Arthur Kleinman, author of the Illness Narrative, claims that the West has decide that pain is not a necessary part of life. Pain is indeed a necessary and natural part of life, and instead of trying to remove it, people should be taught that a certain amount of pain and discomfort is perfectly reasonable. Kleinman is referring to physical pain, but in this case the aversion to pain has spread to emotional as well ( hence the widespread prescription of anti depressant and anti anxiety medication). According to Allen Bloom, author of the Closing of the American Mind, "all the vulgarities of the world outside the university will flourish within it" (337). And the aversion of emotional pain, if we consider this a "vulgarity", has certainly flourished in the university setting. Mark Edmundson in his essay "On the Uses of Liberal Education: As Lite Entertainment for Bored College Students" relates the following story, "I remember a college student telling me how humiliating it was to corrected by a teacher. by me. So I asked the logical question: 'Should I let a major factual error go by so as to save discomfort?'The student-a good student...said that was a tough question.'" He points to the "generation of parents who sheltered these students, kept them away from the hard knocks of everyday life, making the cautious and over-fragile, who demanded that their teachers...flatter them endlessly so that the kids are shocked of their college profs don't reflexively suck up to them" as one of the main causes for the failure of modern students to consider pain part of the normal learning process.

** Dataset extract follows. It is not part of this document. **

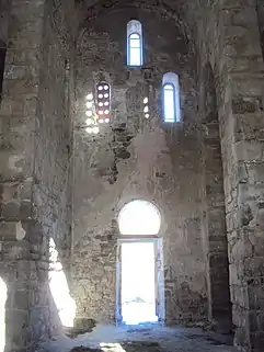 Most of the frescoes did not survive. The remains of the second stage of the painting (the first decoration was probably incomplete and was located mainly in the apses) are preserved on the northern and southern walls of the cross' lateral branches. The northern wall displays an image of two Holy martyrs above the entrance between the windows. In the Central part of the southern wall, between the door and the windows, a huge (about 3 m) image of saints Constantine and Helena holding a large cross is visible. To the right of them under the window there is a small fragment of the image of the warrior. On the walls of the Western sleeve were depicted the Holy warriors-horsemen. On one of the arches under the dome in the 19th century was the figure of the prophet Daniel.[6]

Ellen Langer , the author of The Power of Mindful Learning claims that students are "unhappy with an educational experience that ha sonly rewarded them." So if Edmundson and Langer are correct, students not only need to fail, but they need to learn that failure and pain are an integral part of the learning process.
Of course, the head of my department needs to learn it first.

But I digress.

Furthermore, when I pressed that I wanted all of my students who failed to be required because I was concerned about how their failure would reflect on me as a teacher, one of the other teachers, who is tenured said, "Think about what their failure says about them as a student." Well that's all well and good for you, as you are guaranteed a job next semester, as for the rest of us (only one teacher in the department is tenured) a majority of our evaluation is based on getting these students to pass. I know damn well that Miss Bleeding Heart, who supported the tenured prof in the meeting, would sit me down and ask me how I failed as a teacher if even three of my students don't make proficiency. Suddenly the burden would shift from them to me. And then I had to teach my totally apathetic two o'clock class.

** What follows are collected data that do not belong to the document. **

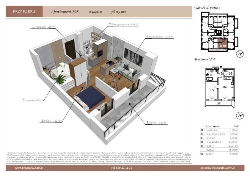 - Charakterystyka mieszkania 38.05 m2, 2 pokoje
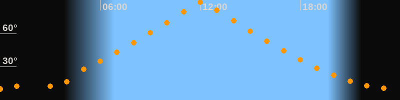 | Höchster Stand (Kulmination) | 12:04 Uhr (h = 88,4°) |
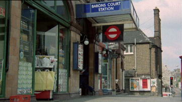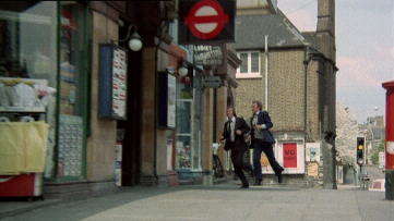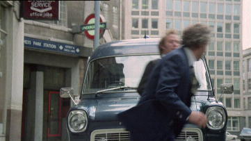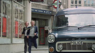 | "You're nicked!" "You slaaag!!" "Shat-it!!!" The morning after a booze-soaked night, Regan (Jon Thaw) and Carter (Dennis Waterman) find themselves late for work. With no offiicial transport, they take a train (presumably District line) from Baron's Court and exit at the Palmer Street exit of "St James's Park" station, close to Scotland Yard. [With thanks to Julian Knott] |
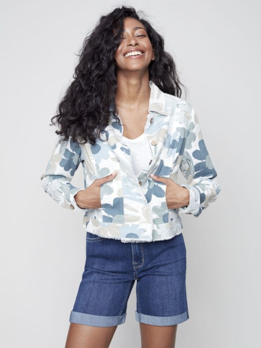 Printed Linen Jean Jacket Style With Frayed Edges Details
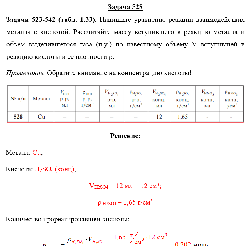 Задачи 523-542 (табл. 1.33). Напишите уравнение реакции взаимодействия металла с кислотой. Рассчитайте массу вступившего в реакцию металла и объем выделившегося газа (н.у.) по известному объему V вступившей в реакцию кислоты и ее плотности ρ. Примечание. Обратите внимание на концентрацию кислоты!.

In the words of the Reverend Horton Heat, It's martini time.
( Or maybe Time to Pray would be more appropriate.)

Counterintuitive

Ah yes, as usual I have been driven into a suicidal depression by my bi-monthly department meeting. I don't have time to write the details now, but to give you an idea of inanity I suffer on a regular basis, I present you with what I consider the "high point" of the meeting:

"We need to think about how to make these students feel good about their writing. We don't want them to feel bad about their writing." Head of the Department on students who failed the practice proficiency exam.

Uh when exactly did part of my job description become academic cheerleader?